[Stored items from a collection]

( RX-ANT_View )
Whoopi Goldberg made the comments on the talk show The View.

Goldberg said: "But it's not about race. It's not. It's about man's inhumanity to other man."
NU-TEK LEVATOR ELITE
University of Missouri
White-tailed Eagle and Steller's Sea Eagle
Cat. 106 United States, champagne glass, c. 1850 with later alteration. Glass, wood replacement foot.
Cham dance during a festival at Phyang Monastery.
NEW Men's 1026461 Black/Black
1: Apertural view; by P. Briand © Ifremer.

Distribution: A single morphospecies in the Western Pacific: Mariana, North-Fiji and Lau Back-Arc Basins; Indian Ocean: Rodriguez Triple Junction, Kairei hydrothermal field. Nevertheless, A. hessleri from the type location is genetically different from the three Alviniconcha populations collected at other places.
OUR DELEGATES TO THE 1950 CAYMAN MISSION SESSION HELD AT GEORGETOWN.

==

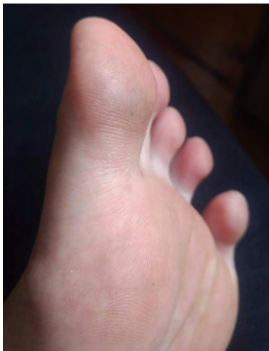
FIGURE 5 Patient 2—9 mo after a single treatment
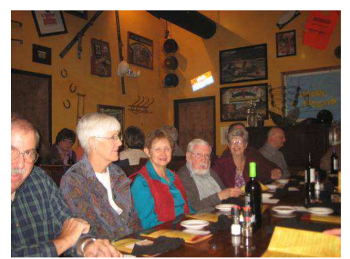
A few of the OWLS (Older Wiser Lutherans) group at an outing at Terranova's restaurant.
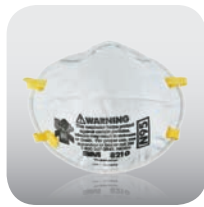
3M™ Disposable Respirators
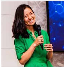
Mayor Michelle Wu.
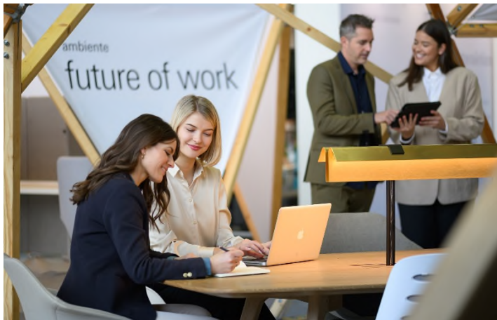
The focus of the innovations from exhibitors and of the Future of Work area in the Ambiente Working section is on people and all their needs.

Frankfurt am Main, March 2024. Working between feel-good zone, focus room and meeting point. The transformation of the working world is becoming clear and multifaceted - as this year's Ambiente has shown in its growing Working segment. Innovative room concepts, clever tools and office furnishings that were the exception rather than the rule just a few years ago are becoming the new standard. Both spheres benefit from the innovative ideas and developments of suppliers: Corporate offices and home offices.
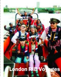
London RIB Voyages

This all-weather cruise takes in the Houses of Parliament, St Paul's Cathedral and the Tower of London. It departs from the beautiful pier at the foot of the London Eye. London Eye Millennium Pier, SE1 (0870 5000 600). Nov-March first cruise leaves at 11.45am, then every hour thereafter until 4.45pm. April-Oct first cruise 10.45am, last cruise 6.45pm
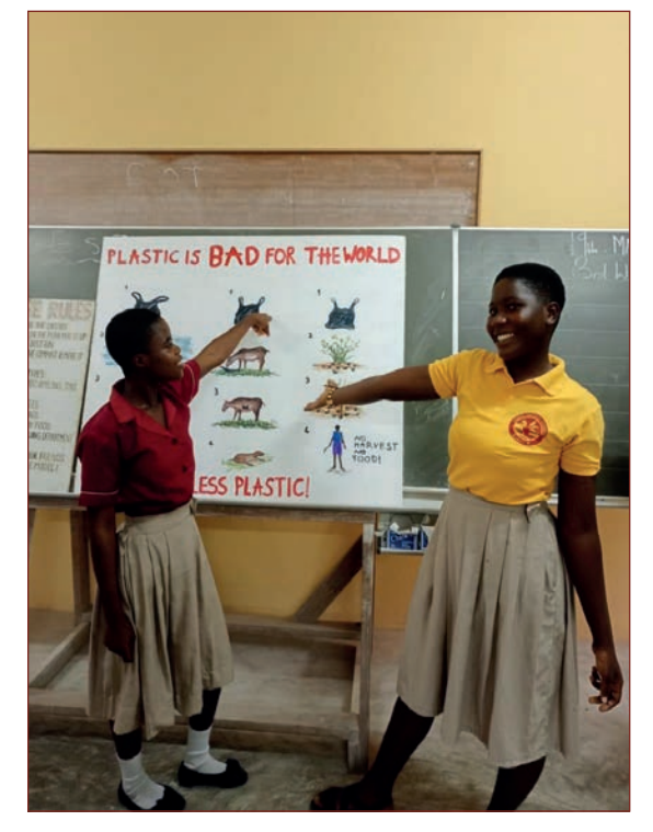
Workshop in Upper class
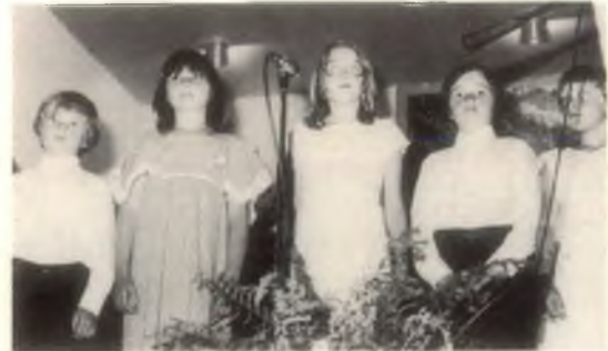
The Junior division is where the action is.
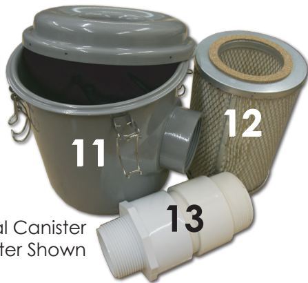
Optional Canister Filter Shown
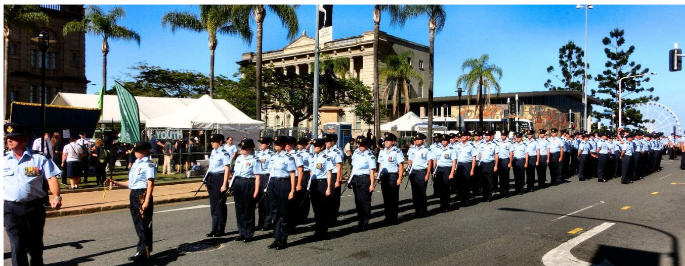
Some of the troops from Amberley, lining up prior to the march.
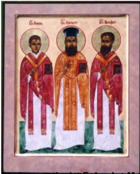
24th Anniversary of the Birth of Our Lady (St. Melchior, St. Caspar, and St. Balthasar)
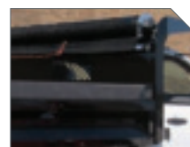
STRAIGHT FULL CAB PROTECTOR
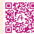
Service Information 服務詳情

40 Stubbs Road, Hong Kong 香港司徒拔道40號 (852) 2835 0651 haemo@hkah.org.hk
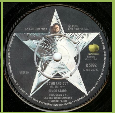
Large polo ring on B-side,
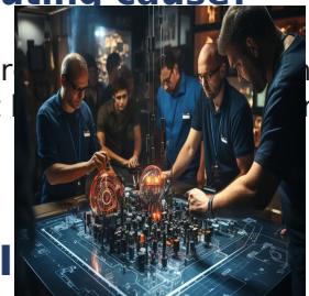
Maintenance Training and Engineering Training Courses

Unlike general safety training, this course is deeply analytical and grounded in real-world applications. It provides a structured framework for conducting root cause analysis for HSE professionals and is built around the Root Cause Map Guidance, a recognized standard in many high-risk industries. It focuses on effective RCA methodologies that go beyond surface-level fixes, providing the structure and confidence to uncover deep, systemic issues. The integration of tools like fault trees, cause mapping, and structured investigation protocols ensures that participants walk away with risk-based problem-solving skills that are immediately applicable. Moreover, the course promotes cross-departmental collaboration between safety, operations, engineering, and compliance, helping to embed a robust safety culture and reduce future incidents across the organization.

...

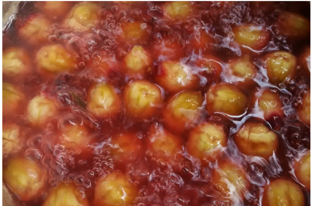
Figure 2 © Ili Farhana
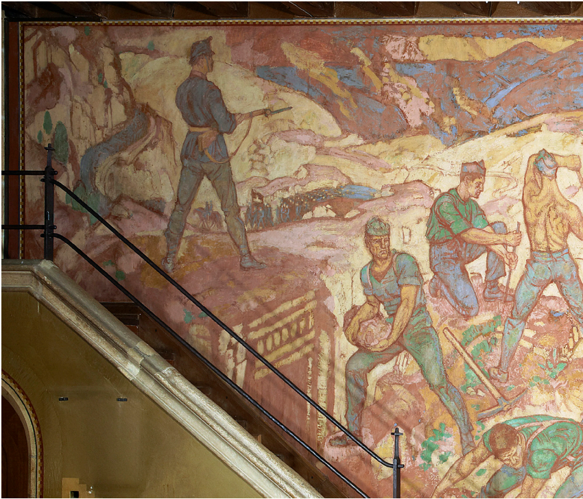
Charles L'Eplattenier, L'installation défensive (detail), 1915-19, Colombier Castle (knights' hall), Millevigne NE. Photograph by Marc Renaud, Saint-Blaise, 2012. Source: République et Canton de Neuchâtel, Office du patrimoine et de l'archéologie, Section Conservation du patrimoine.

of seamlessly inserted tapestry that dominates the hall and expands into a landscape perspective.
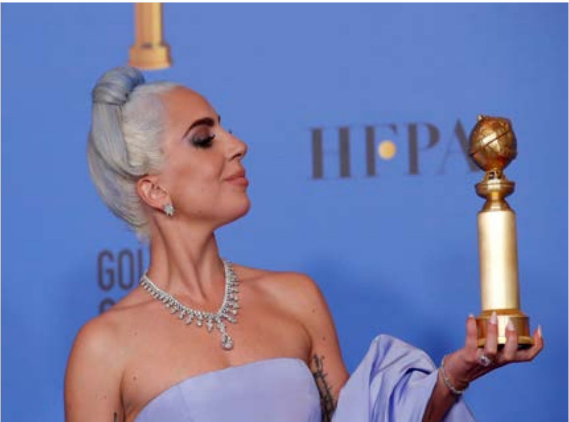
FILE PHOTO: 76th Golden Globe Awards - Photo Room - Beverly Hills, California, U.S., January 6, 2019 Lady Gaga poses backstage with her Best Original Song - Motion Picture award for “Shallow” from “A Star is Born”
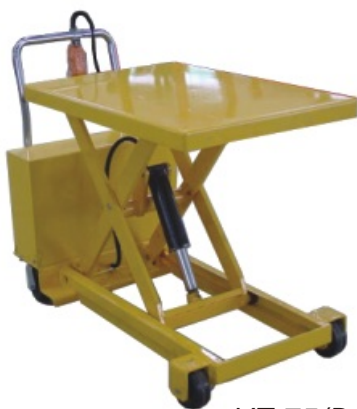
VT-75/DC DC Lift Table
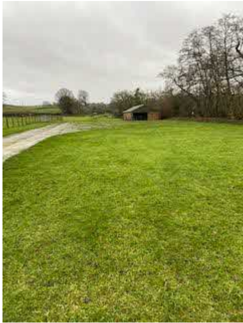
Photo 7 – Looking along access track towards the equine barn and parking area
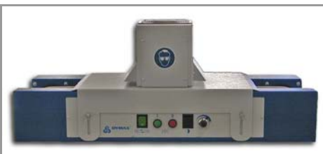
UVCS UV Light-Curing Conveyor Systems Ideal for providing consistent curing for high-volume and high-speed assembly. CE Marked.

[YOUR ASSIGNMENT] Return exactly, and only, the lines above starting at the line that contains "1: Apertural view; by P. Briand © Ifremer." and ending at the line that contains "OUR DELEGATES TO".

[TASK SOLUTION]
1: Apertural view; by P. Briand © Ifremer.

Distribution: A single morphospecies in the Western Pacific: Mariana, North-Fiji and Lau Back-Arc Basins; Indian Ocean: Rodriguez Triple Junction, Kairei hydrothermal field. Nevertheless, A. hessleri from the type location is genetically different from the three Alviniconcha populations collected at other places.
OUR DELEGATES TO THE 1950 CAYMAN MISSION SESSION HELD AT GEORGETOWN.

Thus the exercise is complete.